### Assigned task:
In your copy, leave out the pictures and repeat the entries below exactly.

Extracted records

--------------------------------------------------

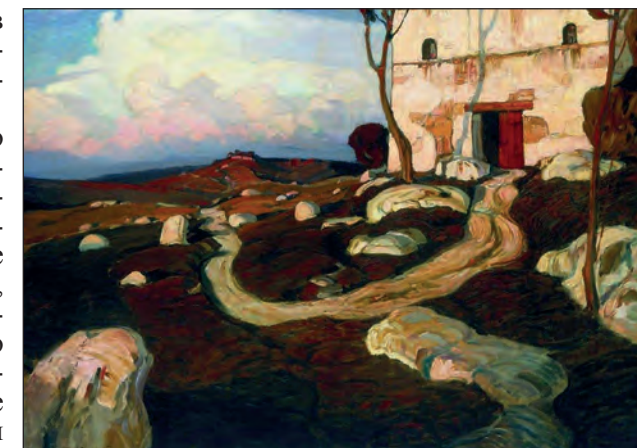
Рис. 1. Богаевский К. Ф. «Старый Крым». 1902 г. Холст, масло. 101x136,5. Государственный Русский музей, инв. № Ж-2341

В 1903 г. была написана работа «Последние лучи» (рис. 3). Как отмечает В. Манин, это полотно едва ли не самое «красочное» в творчестве художника [17, с. 10]. К описанию В. Манина можно добавить одно наблюдение, позволяющее, с большой долей вероятности, эту работу также отнести к старокрымским. Та точка
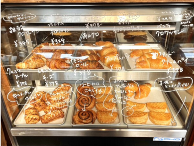
珈琲との相性抜群のバターが香る美味しいパンのラインナップ♪ バターの香る食欲をそそる

鹿沼市上材木町1741-2 ☎ 0289-60-1610 定休日 月曜日 第1・3火曜日 (祝日営業の場合は翌日休み) 営業時間 11:00 - 17:00 駐車場 12台可
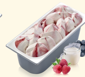
Joghurt- Waldf Frucht mit Waldfruchtsauce
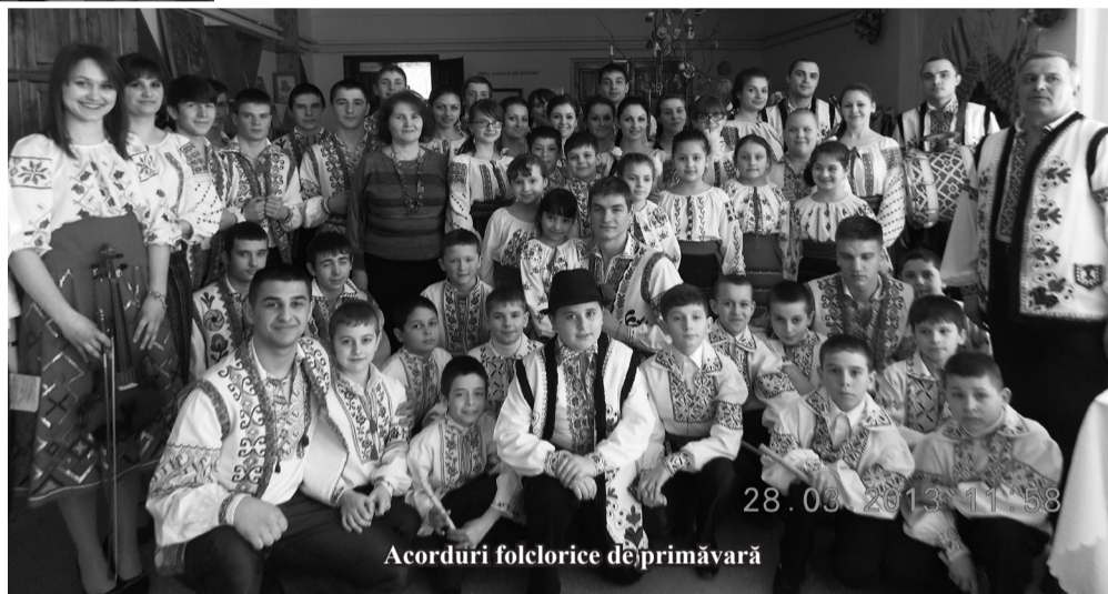
28.03.2013 14:38 Acorduri folclorice de primăvară

Actualmente, Liceul Teoretic „Ion Creangă” din or. Ungheni are pe liste 748 de elevi, dintre care: la ciclul primar – 269 elevi, la treapta gimnazială – 331 elevi și, respectiv, în clasele liceale

--------------------------------------------------

### Result of this task:
Рис. 1. Богаевский К. Ф. «Старый Крым». 1902 г. Холст, масло. 101x136,5. Государственный Русский музей, инв. № Ж-2341

В 1903 г. была написана работа «Последние лучи» (рис. 3). Как отмечает В. Манин, это полотно едва ли не самое «красочное» в творчестве художника [17, с. 10]. К описанию В. Манина можно добавить одно наблюдение, позволяющее, с большой долей вероятности, эту работу также отнести к старокрымским. Та точка
珈琲との相性抜群のバターが香る美味しいパンのラインナップ♪ バターの香る食欲をそそる

鹿沼市上材木町1741-2 ☎ 0289-60-1610 定休日 月曜日 第1・3火曜日 (祝日営業の場合は翌日休み) 営業時間 11:00 - 17:00 駐車場 12台可
Joghurt- Waldf Frucht mit Waldfruchtsauce
28.03.2013 14:38 Acorduri folclorice de primăvară

Actualmente, Liceul Teoretic „Ion Creangă” din or. Ungheni are pe liste 748 de elevi, dintre care: la ciclul primar – 269 elevi, la treapta gimnazială – 331 elevi și, respectiv, în clasele liceale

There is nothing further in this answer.